BEGIN

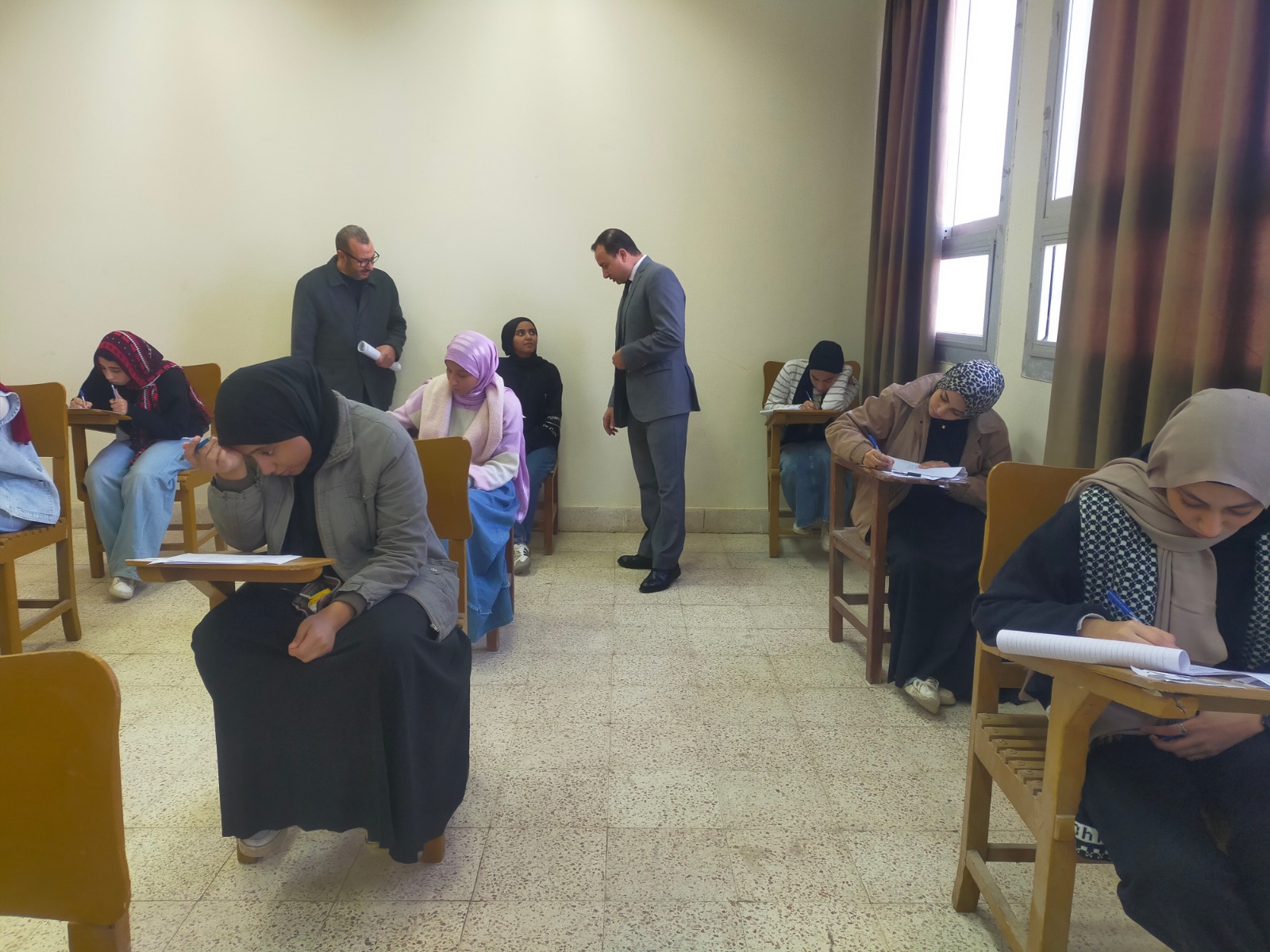 برعاية معالي أ. د. أحمد عكاوي رئيس الجامعة ومعالي أ. د. أشرف موسى نائب رئيس الجامعة لشئون التعليم والطلاب وفي إطار المتابعة المستمرة لأعمال الامتحانات بالكلية قام أ. د. عصام حشمت محمد عميد الكلية يرافقه السيد أ. م. د. أبوبكر عبدالسلام وكيل الكلية لشئون الدراسات العليا والبحوث بتفقد لجان الامتحانات للفرق المختلفة بالكلية للإطمئنان على انضباط اللجان وسير أعمال الامتحانات بشكل منتظم.
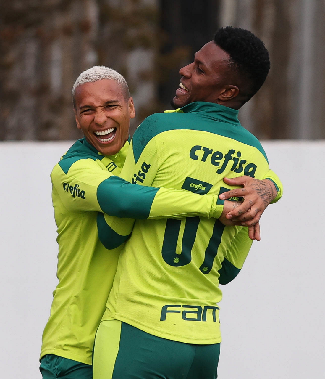 Os jogadores Deyverson e Pedrão (D), da SE Palmeiras, durante treinamento, na Academia de Futebol. (Foto: Cesar Greco)
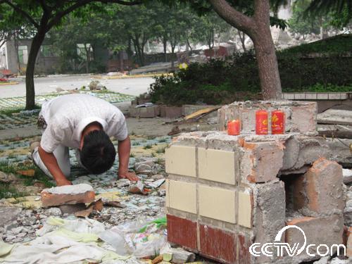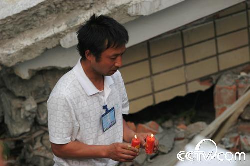 “孩子們,沒(méi)有全部救出你們我很內(nèi)疚,我會(huì)記住你們忌日的,每年的這一天我都會(huì)來(lái)看你們,給你們送學(xué)習(xí)用品。你們生前都很團(tuán)結(jié),在天堂也要相互關(guān)照好,老師每天都在想念著你們!”在北川中學(xué)(新區(qū))的廢墟下,記者看到一名中年男子跪在地上,哭得很悲傷,還向遇難的同學(xué)叩拜。記者跑過(guò)去一看,此人就是北川中學(xué)的校長(zhǎng)劉亞春。他告訴記者,地震后他一直在忙碌搶救學(xué)生的事,沒(méi)有時(shí)間來(lái)看望這些還埋在廢墟下的數(shù)百名學(xué)生。今天他在百忙之中,抽時(shí)間來(lái)看看這些孩子們,他將帶來(lái)的蠟燭點(diǎn)燃后放在廢墟下,雙手合十,默默地祈禱,然后跪在地上給在地震中失去生命的學(xué)生磕了三個(gè)響頭。
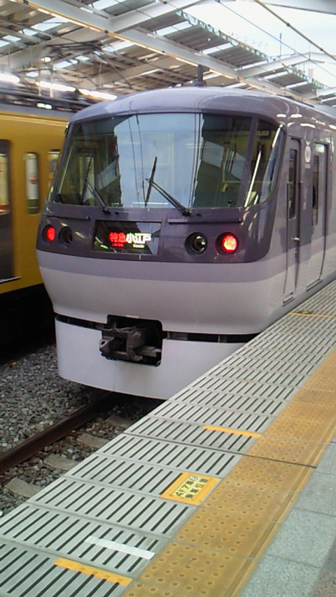 前の日、成田空港までお客を送ってポートホテル泊。川越まで回送して、夜のスキーツアーまでヒマしてて。。。久々に街に出よう!と、初めて西武鉄道新宿線に乗った。今まで何度も川越で昼STAYしてたけど、私が思ってた「川越駅」は「本川越駅」だと知った。ホントはSuica買おうと思ってたのに。。。PASMOになった(西武だから)。 所沢で乗り換えて池袋。。。と思ってたのに、座ったとたん寝てた。気付いたら所沢は通り過ぎてた。やっぱ、慢性寝不足? 結局、新宿で電気屋見て。。。気に入ったモノ無くて、CD買ってご飯食べて。。。 来る時は急行で時間かかったので、帰りは。。。レッドアロー。何年か前に秩父から池袋は友人と一緒に乗ったけど。。。何だか子供のようにウキウキ。私、実は。。。隠れ鉄っちゃん。。。半端者だけど。平日の午後、写真撮ってるのは私一人。う~ん、何だか。。。それに、ネクタイにトレンチコート姿。。。流石、特急料金取るだけあって、快適快適。川越まで運賃460円、特急料金410円。ま、納得のショートトリップ。
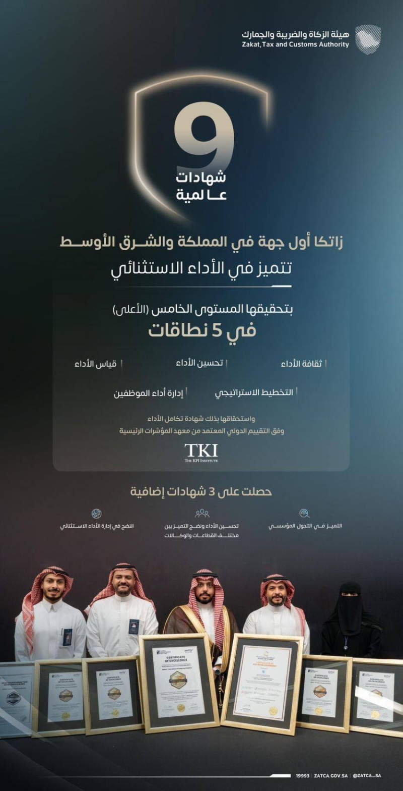 حققت هيئة الزكاة والضريبة والجمارك “زاتكا” إنجازاً كبيراً بالحصول على 9 شهادات عالمية في مجال إدارة الأداء. ومن بين هذه الشهادات، تمثلت إحداها في تكامل الأداء Integrated Performance، حيث تم تقدير الهيئة بالمستوى الخامس (الأعلى) في جميع نطاقات التقييم. وبذلك، أصبحت “زاتكا” أول جهة في المملكة والشرق الأوسط تحصل على هذه الشهادة العالمية المعتمدة من معهد المؤشرات الرئيسية The KPI Institute.
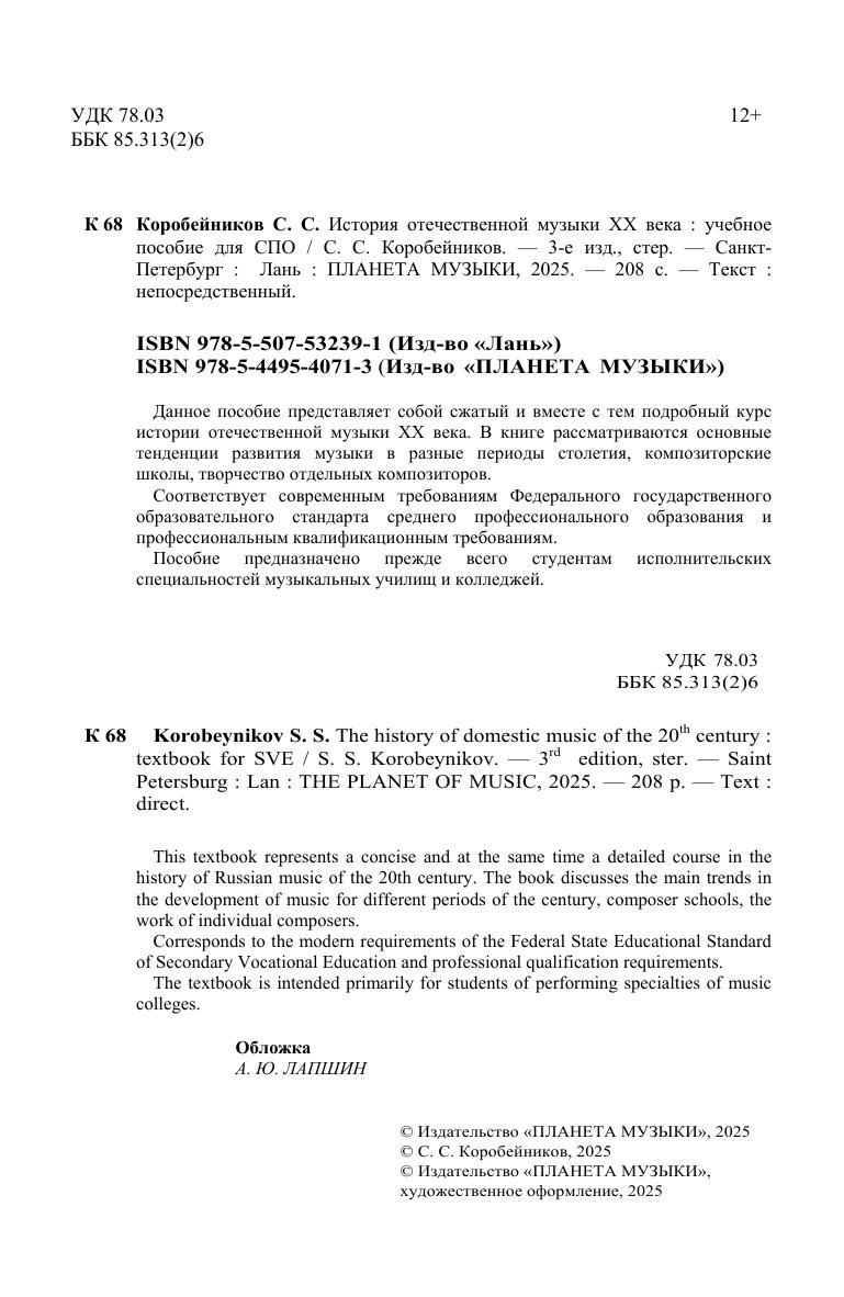 Сергей Савельевич Коробейников – кандидат искусствоведения, доцент кафедры истории театра, литературы и музыки Новосибирского государственного театрального института. Окончил Ленинградскую государственную консерваторию им. Римского-Корсакова. Сфера его научных интересов связана с музыкой XIX и XX веков – как зарубежной, так и отечественной. Автор монографии о фуге в творчестве композиторов-романтиков, учебных пособий («История музыкальной эстрады и джаза», «Жанры и формы музыкальных произведений», «Музыка в театре»), а также статей, опубликованных в ряде изданий («Журнал любителей искусства», «Музыкальная культура Новосибирска», «Музыкальная академия», «Музыкальная жизнь», «Вестник НГК им М.И. Глинки», «Вопросы музыкознания», «Околотеатральный журнал» и др.). Данное пособие может быть использовано студентами исполнительских специальностей музыкальных училищ и колледжей. This textbook represents a concise and at the same time a detailed course in the history of Russian music of the 20th century. The book discusses the main trends in the development of music for different periods of the century, composer schools, the work of individual composers. The textbook is intended for the students of colleges.

END

DIRECTIONS:
You are asked to output the records precisely as they appear, minus any pictures.

OUTPUT OF THE EXERCISE:
 برعاية معالي أ. د. أحمد عكاوي رئيس الجامعة ومعالي أ. د. أشرف موسى نائب رئيس الجامعة لشئون التعليم والطلاب وفي إطار المتابعة المستمرة لأعمال الامتحانات بالكلية قام أ. د. عصام حشمت محمد عميد الكلية يرافقه السيد أ. م. د. أبوبكر عبدالسلام وكيل الكلية لشئون الدراسات العليا والبحوث بتفقد لجان الامتحانات للفرق المختلفة بالكلية للإطمئنان على انضباط اللجان وسير أعمال الامتحانات بشكل منتظم.
 Os jogadores Deyverson e Pedrão (D), da SE Palmeiras, durante treinamento, na Academia de Futebol. (Foto: Cesar Greco)
 “孩子們,沒(méi)有全部救出你們我很內(nèi)疚,我會(huì)記住你們忌日的,每年的這一天我都會(huì)來(lái)看你們,給你們送學(xué)習(xí)用品。你們生前都很團(tuán)結(jié),在天堂也要相互關(guān)照好,老師每天都在想念著你們!”在北川中學(xué)(新區(qū))的廢墟下,記者看到一名中年男子跪在地上,哭得很悲傷,還向遇難的同學(xué)叩拜。記者跑過(guò)去一看,此人就是北川中學(xué)的校長(zhǎng)劉亞春。他告訴記者,地震后他一直在忙碌搶救學(xué)生的事,沒(méi)有時(shí)間來(lái)看望這些還埋在廢墟下的數(shù)百名學(xué)生。今天他在百忙之中,抽時(shí)間來(lái)看看這些孩子們,他將帶來(lái)的蠟燭點(diǎn)燃后放在廢墟下,雙手合十,默默地祈禱,然后跪在地上給在地震中失去生命的學(xué)生磕了三個(gè)響頭。
 前の日、成田空港までお客を送ってポートホテル泊。川越まで回送して、夜のスキーツアーまでヒマしてて。。。久々に街に出よう!と、初めて西武鉄道新宿線に乗った。今まで何度も川越で昼STAYしてたけど、私が思ってた「川越駅」は「本川越駅」だと知った。ホントはSuica買おうと思ってたのに。。。PASMOになった(西武だから)。 所沢で乗り換えて池袋。。。と思ってたのに、座ったとたん寝てた。気付いたら所沢は通り過ぎてた。やっぱ、慢性寝不足? 結局、新宿で電気屋見て。。。気に入ったモノ無くて、CD買ってご飯食べて。。。 来る時は急行で時間かかったので、帰りは。。。レッドアロー。何年か前に秩父から池袋は友人と一緒に乗ったけど。。。何だか子供のようにウキウキ。私、実は。。。隠れ鉄っちゃん。。。半端者だけど。平日の午後、写真撮ってるのは私一人。う~ん、何だか。。。それに、ネクタイにトレンチコート姿。。。流石、特急料金取るだけあって、快適快適。川越まで運賃460円、特急料金410円。ま、納得のショートトリップ。
 حققت هيئة الزكاة والضريبة والجمارك “زاتكا” إنجازاً كبيراً بالحصول على 9 شهادات عالمية في مجال إدارة الأداء. ومن بين هذه الشهادات، تمثلت إحداها في تكامل الأداء Integrated Performance، حيث تم تقدير الهيئة بالمستوى الخامس (الأعلى) في جميع نطاقات التقييم. وبذلك، أصبحت “زاتكا” أول جهة في المملكة والشرق الأوسط تحصل على هذه الشهادة العالمية المعتمدة من معهد المؤشرات الرئيسية The KPI Institute.
 Сергей Савельевич Коробейников – кандидат искусствоведения, доцент кафедры истории театра, литературы и музыки Новосибирского государственного театрального института. Окончил Ленинградскую государственную консерваторию им. Римского-Корсакова. Сфера его научных интересов связана с музыкой XIX и XX веков – как зарубежной, так и отечественной. Автор монографии о фуге в творчестве композиторов-романтиков, учебных пособий («История музыкальной эстрады и джаза», «Жанры и формы музыкальных произведений», «Музыка в театре»), а также статей, опубликованных в ряде изданий («Журнал любителей искусства», «Музыкальная культура Новосибирска», «Музыкальная академия», «Музыкальная жизнь», «Вестник НГК им М.И. Глинки», «Вопросы музыкознания», «Околотеатральный журнал» и др.). Данное пособие может быть использовано студентами исполнительских специальностей музыкальных училищ и колледжей. This textbook represents a concise and at the same time a detailed course in the history of Russian music of the 20th century. The book discusses the main trends in the development of music for different periods of the century, composer schools, the work of individual composers. The textbook is intended for the students of colleges.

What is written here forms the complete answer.